- [YOUR OBJECTIVE] Reproduce word for word every line from the one containing "Stunning Villa in" through the end of the listing below; omit the pictures.

- [DATASET EXTRACT]
──────────────────────────────

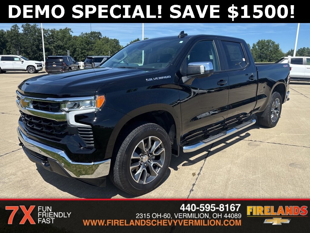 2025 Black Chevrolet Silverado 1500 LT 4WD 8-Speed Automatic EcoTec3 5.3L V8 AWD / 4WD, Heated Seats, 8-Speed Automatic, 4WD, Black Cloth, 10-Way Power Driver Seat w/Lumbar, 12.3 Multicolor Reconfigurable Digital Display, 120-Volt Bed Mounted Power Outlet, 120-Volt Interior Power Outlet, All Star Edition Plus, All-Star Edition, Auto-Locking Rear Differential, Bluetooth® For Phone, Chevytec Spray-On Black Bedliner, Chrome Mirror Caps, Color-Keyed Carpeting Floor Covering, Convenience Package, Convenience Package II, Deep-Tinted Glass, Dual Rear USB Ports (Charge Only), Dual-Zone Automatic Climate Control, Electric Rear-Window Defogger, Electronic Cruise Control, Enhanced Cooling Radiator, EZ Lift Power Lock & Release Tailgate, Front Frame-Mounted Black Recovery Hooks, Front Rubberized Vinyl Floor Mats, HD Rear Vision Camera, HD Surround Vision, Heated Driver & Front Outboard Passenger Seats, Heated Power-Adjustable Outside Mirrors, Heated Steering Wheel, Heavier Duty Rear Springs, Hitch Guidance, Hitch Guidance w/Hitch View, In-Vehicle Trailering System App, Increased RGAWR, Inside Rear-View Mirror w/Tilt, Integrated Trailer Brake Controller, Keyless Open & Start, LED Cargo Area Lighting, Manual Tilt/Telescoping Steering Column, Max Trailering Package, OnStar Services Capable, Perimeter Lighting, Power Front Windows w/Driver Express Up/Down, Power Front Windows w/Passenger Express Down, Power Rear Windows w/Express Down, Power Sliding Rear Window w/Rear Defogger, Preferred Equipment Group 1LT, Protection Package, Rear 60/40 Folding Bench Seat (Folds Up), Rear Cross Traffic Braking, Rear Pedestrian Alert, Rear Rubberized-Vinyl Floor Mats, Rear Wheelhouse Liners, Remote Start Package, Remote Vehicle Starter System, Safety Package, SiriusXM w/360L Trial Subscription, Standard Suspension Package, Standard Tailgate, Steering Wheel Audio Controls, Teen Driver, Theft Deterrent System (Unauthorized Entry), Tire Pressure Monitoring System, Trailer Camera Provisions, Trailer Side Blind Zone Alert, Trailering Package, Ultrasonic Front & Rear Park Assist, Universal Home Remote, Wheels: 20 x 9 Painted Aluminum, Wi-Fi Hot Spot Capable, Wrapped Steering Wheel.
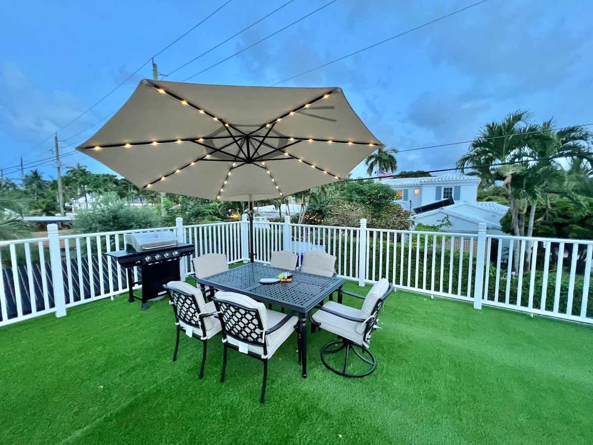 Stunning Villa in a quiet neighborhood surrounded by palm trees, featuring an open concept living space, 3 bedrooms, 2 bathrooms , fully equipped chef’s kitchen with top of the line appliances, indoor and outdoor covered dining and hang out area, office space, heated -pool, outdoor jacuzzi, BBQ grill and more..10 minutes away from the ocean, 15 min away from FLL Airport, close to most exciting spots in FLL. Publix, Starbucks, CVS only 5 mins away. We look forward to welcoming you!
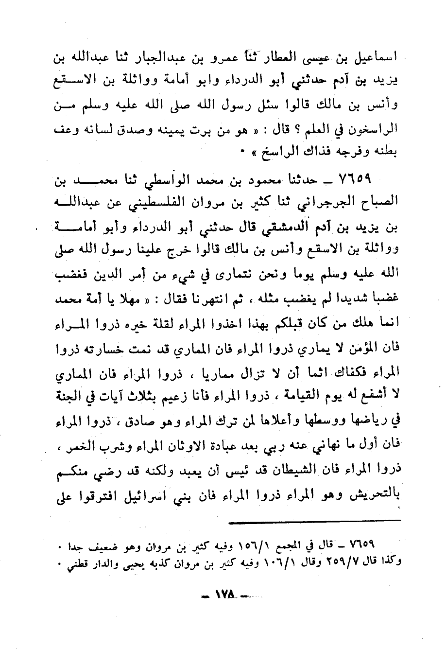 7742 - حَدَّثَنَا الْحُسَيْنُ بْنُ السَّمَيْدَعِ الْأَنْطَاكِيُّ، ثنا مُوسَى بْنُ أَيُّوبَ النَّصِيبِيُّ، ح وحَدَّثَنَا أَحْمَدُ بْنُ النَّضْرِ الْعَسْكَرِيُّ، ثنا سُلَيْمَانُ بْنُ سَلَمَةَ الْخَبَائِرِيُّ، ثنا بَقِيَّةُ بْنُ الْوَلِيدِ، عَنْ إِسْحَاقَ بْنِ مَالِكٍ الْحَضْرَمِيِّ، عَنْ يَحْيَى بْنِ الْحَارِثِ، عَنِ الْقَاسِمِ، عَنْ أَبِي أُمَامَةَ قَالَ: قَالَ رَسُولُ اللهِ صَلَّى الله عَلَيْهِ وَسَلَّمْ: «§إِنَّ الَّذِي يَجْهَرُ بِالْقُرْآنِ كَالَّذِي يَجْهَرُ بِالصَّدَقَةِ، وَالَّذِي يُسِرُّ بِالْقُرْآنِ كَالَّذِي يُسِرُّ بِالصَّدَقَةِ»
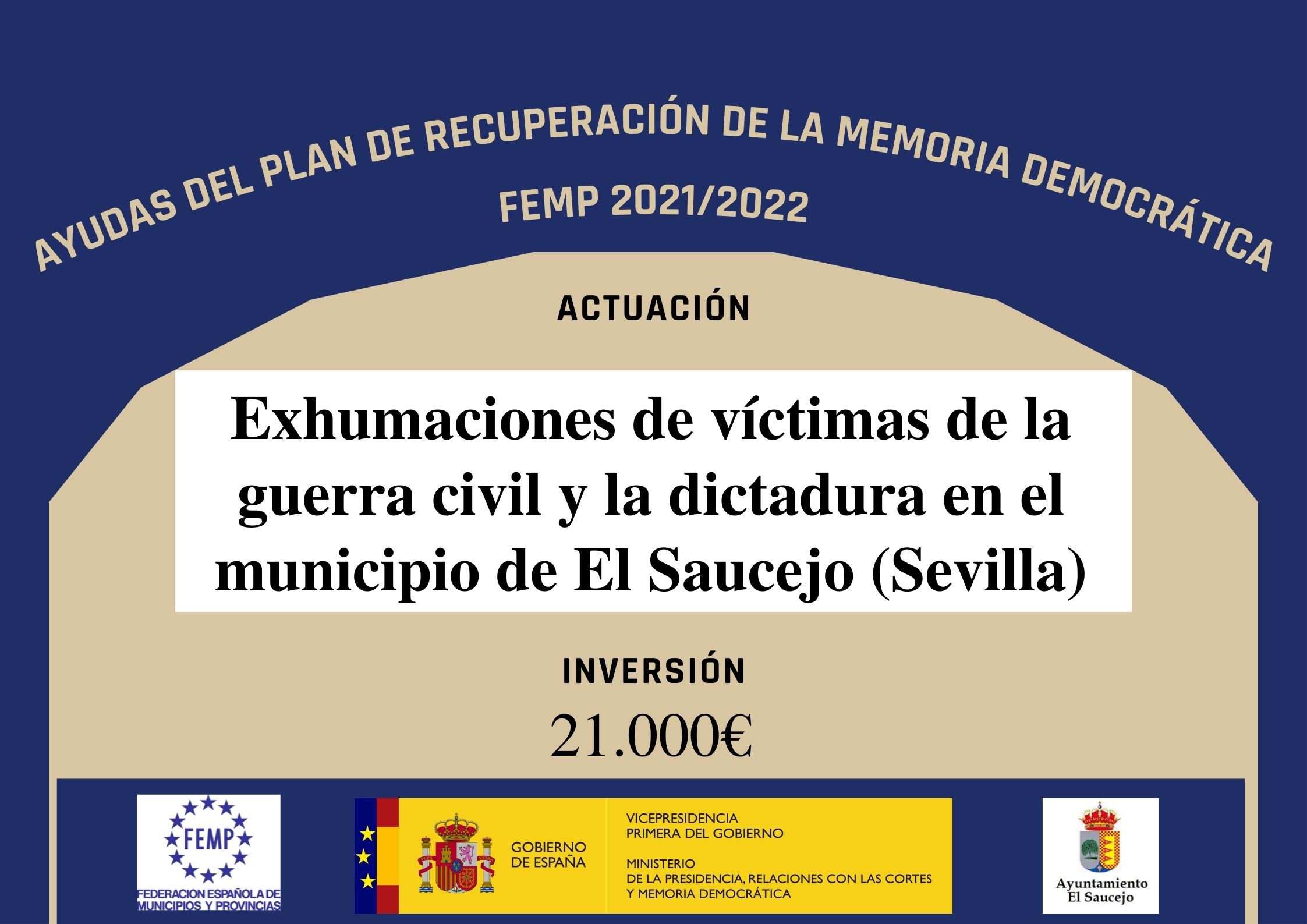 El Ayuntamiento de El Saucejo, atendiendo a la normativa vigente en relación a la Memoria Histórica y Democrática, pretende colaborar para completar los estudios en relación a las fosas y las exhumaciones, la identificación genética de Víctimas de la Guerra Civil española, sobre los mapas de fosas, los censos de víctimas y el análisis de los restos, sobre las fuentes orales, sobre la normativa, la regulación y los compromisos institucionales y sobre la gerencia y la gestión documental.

──────────────────────────────

- [EXERCISE RESPONSE]
 Stunning Villa in a quiet neighborhood surrounded by palm trees, featuring an open concept living space, 3 bedrooms, 2 bathrooms , fully equipped chef’s kitchen with top of the line appliances, indoor and outdoor covered dining and hang out area, office space, heated -pool, outdoor jacuzzi, BBQ grill and more..10 minutes away from the ocean, 15 min away from FLL Airport, close to most exciting spots in FLL. Publix, Starbucks, CVS only 5 mins away. We look forward to welcoming you!
 7742 - حَدَّثَنَا الْحُسَيْنُ بْنُ السَّمَيْدَعِ الْأَنْطَاكِيُّ، ثنا مُوسَى بْنُ أَيُّوبَ النَّصِيبِيُّ، ح وحَدَّثَنَا أَحْمَدُ بْنُ النَّضْرِ الْعَسْكَرِيُّ، ثنا سُلَيْمَانُ بْنُ سَلَمَةَ الْخَبَائِرِيُّ، ثنا بَقِيَّةُ بْنُ الْوَلِيدِ، عَنْ إِسْحَاقَ بْنِ مَالِكٍ الْحَضْرَمِيِّ، عَنْ يَحْيَى بْنِ الْحَارِثِ، عَنِ الْقَاسِمِ، عَنْ أَبِي أُمَامَةَ قَالَ: قَالَ رَسُولُ اللهِ صَلَّى الله عَلَيْهِ وَسَلَّمْ: «§إِنَّ الَّذِي يَجْهَرُ بِالْقُرْآنِ كَالَّذِي يَجْهَرُ بِالصَّدَقَةِ، وَالَّذِي يُسِرُّ بِالْقُرْآنِ كَالَّذِي يُسِرُّ بِالصَّدَقَةِ»
 El Ayuntamiento de El Saucejo, atendiendo a la normativa vigente en relación a la Memoria Histórica y Democrática, pretende colaborar para completar los estudios en relación a las fosas y las exhumaciones, la identificación genética de Víctimas de la Guerra Civil española, sobre los mapas de fosas, los censos de víctimas y el análisis de los restos, sobre las fuentes orales, sobre la normativa, la regulación y los compromisos institucionales y sobre la gerencia y la gestión documental.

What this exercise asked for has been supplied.